Begin at the line below that holds "Le Grand mars" and end at the line that holds "Hmm. Jag tror", transcribing each line exactly and skipping any picture.

═════ RECORD SET

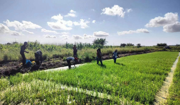 走進位于莫桑比克林波波河畔的湖北-加扎友誼農(nóng)場,映入眼簾的是一大片綠油油的稻田,微風拂過,稻浪翻滾,煥發(fā)勃勃生機。當前正處于早稻田間管理的關(guān)鍵時期,到處是一片熱火朝天、欣欣向榮的繁忙景象,農(nóng)場技術(shù)人員帶領(lǐng)著當?shù)剞r(nóng)戶深入田間地頭,根據(jù)不同地塊水稻生長情況,積極開展田間管理,進行除草、殺蟲、撒肥、疏渠、灌溉等各項農(nóng)事工作,為早稻豐收奠定堅實基礎(chǔ)。
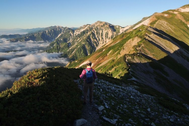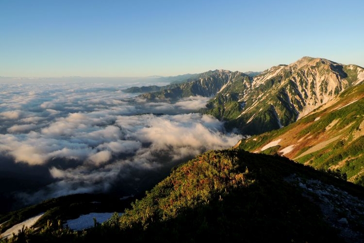 早朝から雲ひとつない快晴で、遥か先まで遠望がきいた。鑓ヶ岳の奥には北アルプスの峰々が並び、南側には雲海が広がっていた。
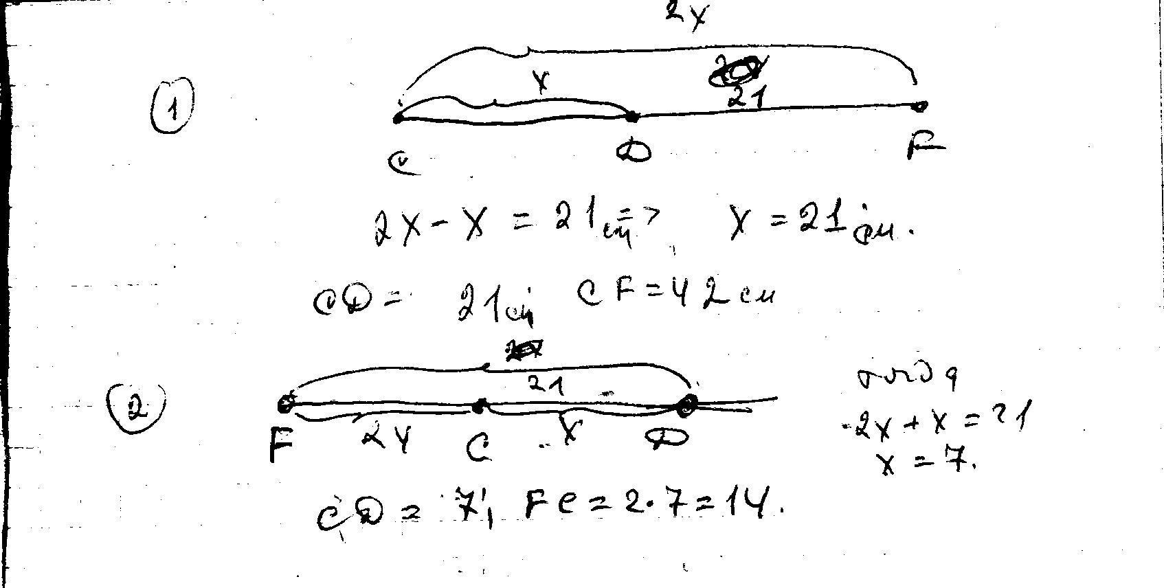 айдите длины отрезков CD и CF,если DF=21см,а отрезок CF в 2 разабольше отрезка DC
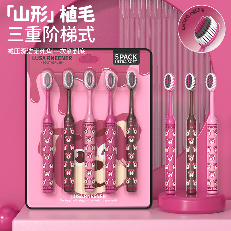 【5支装】樱你心动小熊山型凸面软毛牙刷家用深层清洁护龈家庭装
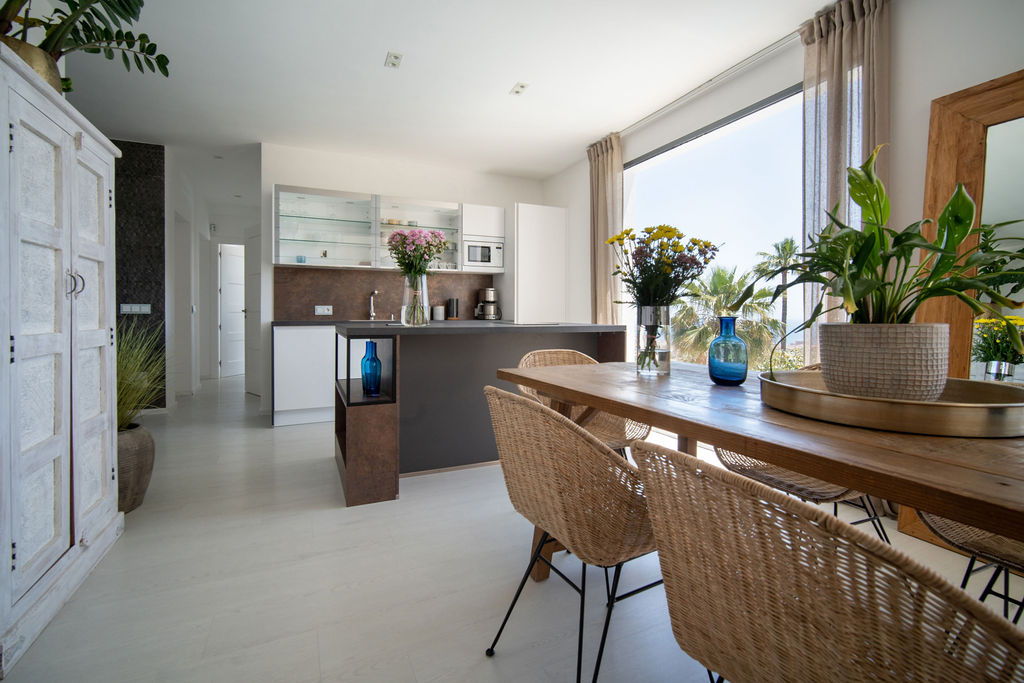 Open-Plan Lounge and Dining: Designed to foster togetherness, the spacious areas comfortably seat 14 guests, seamlessly connecting to a large, covered terrace with unobstructed 240-degree views of the Mediterranean and Benalmadena.
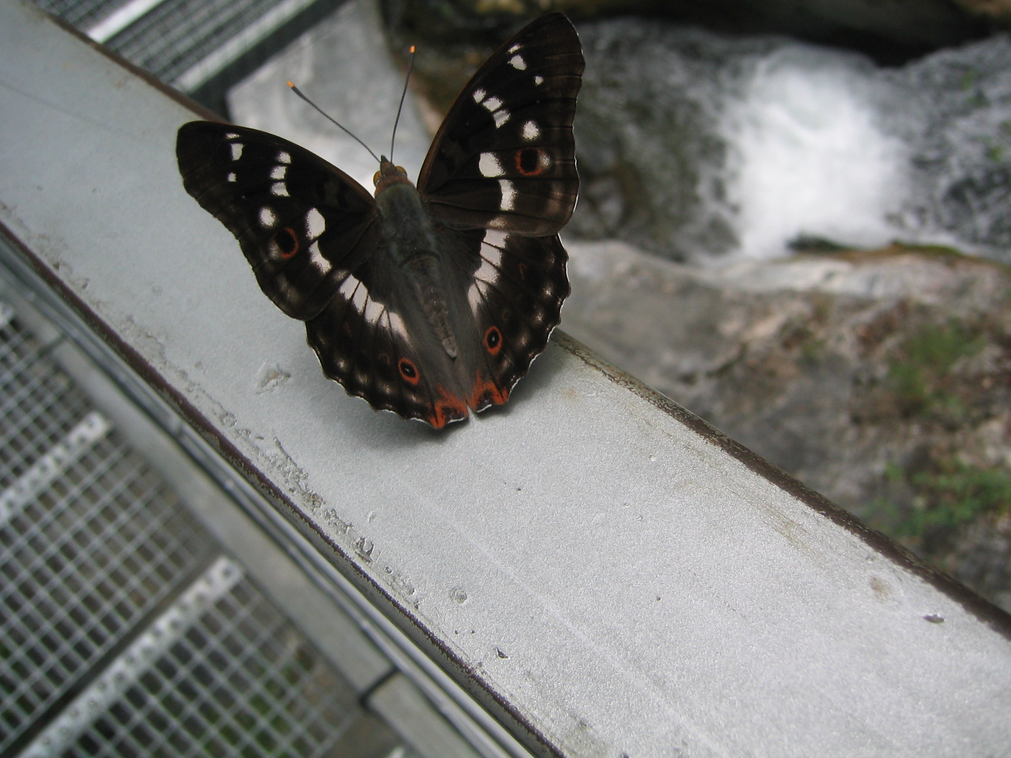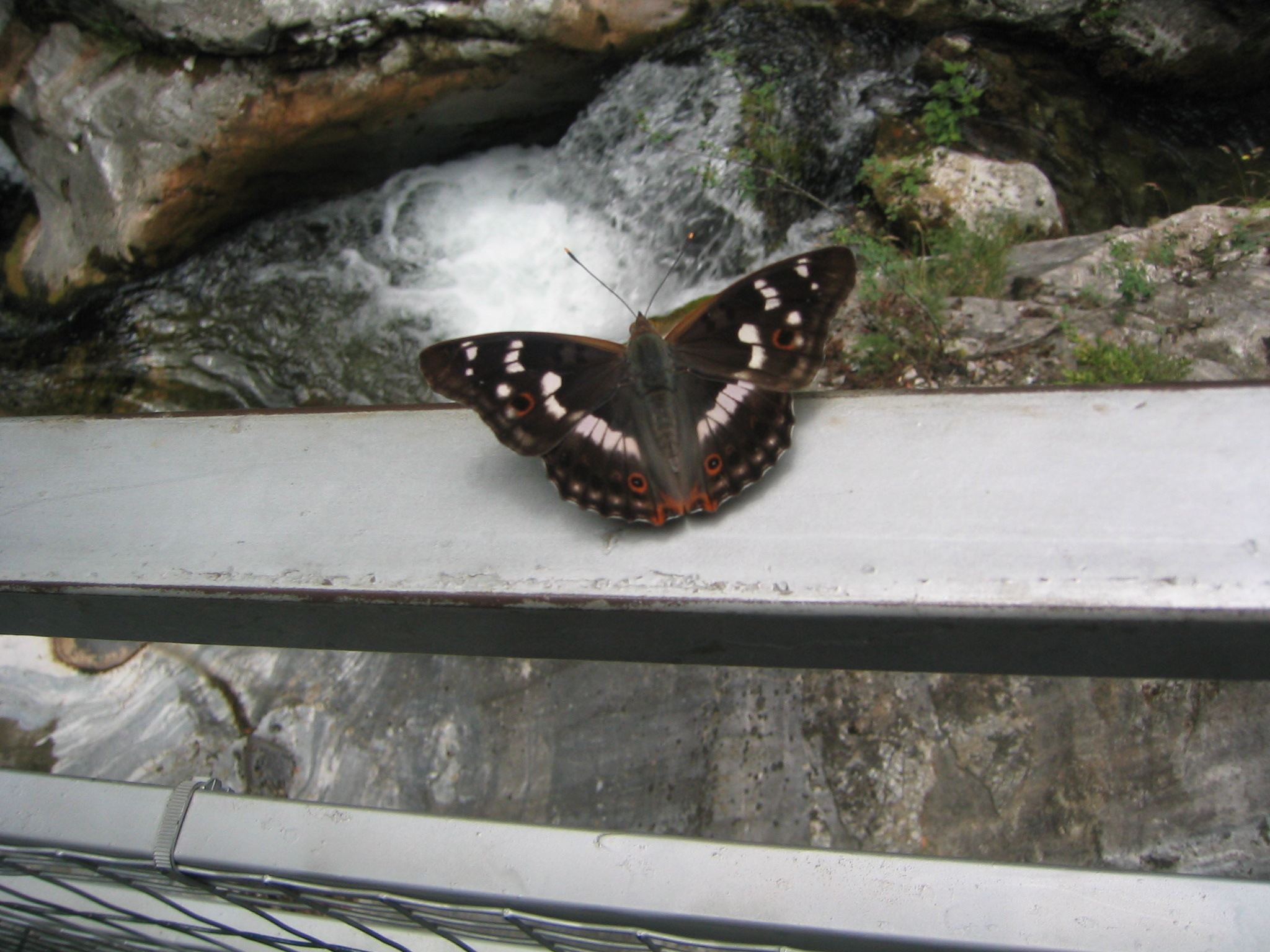 Le Grand mars changeant (Apatura iris) de la famille des Nymphalidés est un grand papillon brun bordé de noir avec des traits blancs sur les ailes antérieures et une sorte de "V" blanc sur les ailles postérieures. Le male a des reflets bleu violacé Ce papillon a été photographié dans les gorges de La Fou (Arles sur Tech) avant la fermeture en 2018. On le rencontre partout en France (sauf en Corse), en Europe et en Asie tempérée. Il aime les forêts de feuillus et les lieux humides. |
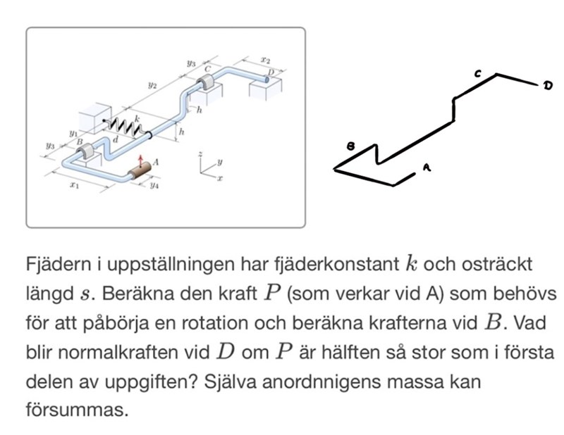 Hmm. Jag tror inte det tyvärr...eftersom massan försummas borde en normalkraft finnas vid C men ingen tyngdkraft och likadant för D och B? Och alla normalkrafter är riktade uppåt så de bidrar till moturs-momentet? Kraften som krävs för att påbörja en rotation...kanske måste kraften P, kraften vid B, kraften vid C och kraften vid D tillsammans vara lika stora som fjäderkraften?
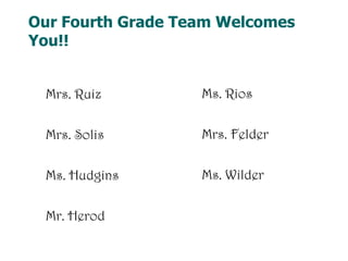 This document provides information for parents about their child's fourth grade orientation. It introduces the teachers and outlines the curriculum, which includes math, science, reading, writing, social studies taught across two teachers. It describes programs for reading, writing, science and social studies. Guidelines are provided around discipline, food, birthdays and communication. Safety procedures are outlined for visitor identification. The document aims to prepare parents for their child's fourth grade experience.
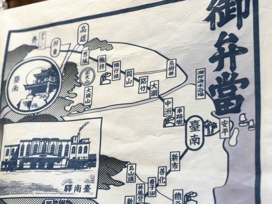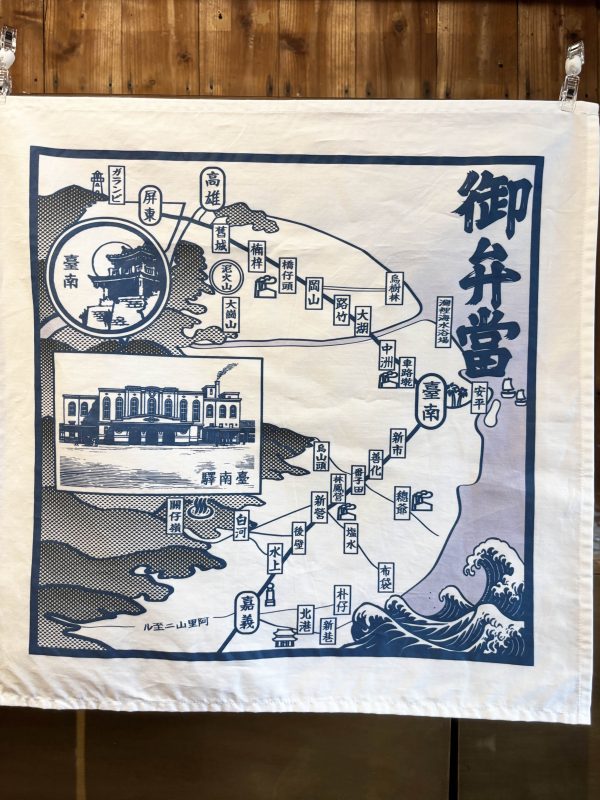 絵柄は日本時代台湾鉄道の駅弁の掛け紙をイメージしたデザインです。当時各売店の駅弁はそれぞれ特色を生かしたおかずだけでなく、観光宣伝の一翼を担う多彩な掛け紙も時代を反映した風情のある記憶となっています。

══════════

▶ _EXERCISE OUTPUT_:
 Le Grand mars changeant (Apatura iris) de la famille des Nymphalidés est un grand papillon brun bordé de noir avec des traits blancs sur les ailes antérieures et une sorte de "V" blanc sur les ailles postérieures. Le male a des reflets bleu violacé Ce papillon a été photographié dans les gorges de La Fou (Arles sur Tech) avant la fermeture en 2018. On le rencontre partout en France (sauf en Corse), en Europe et en Asie tempérée. Il aime les forêts de feuillus et les lieux humides. |
 Hmm. Jag tror inte det tyvärr...eftersom massan försummas borde en normalkraft finnas vid C men ingen tyngdkraft och likadant för D och B? Och alla normalkrafter är riktade uppåt så de bidrar till moturs-momentet? Kraften som krävs för att påbörja en rotation...kanske måste kraften P, kraften vid B, kraften vid C och kraften vid D tillsammans vara lika stora som fjäderkraften?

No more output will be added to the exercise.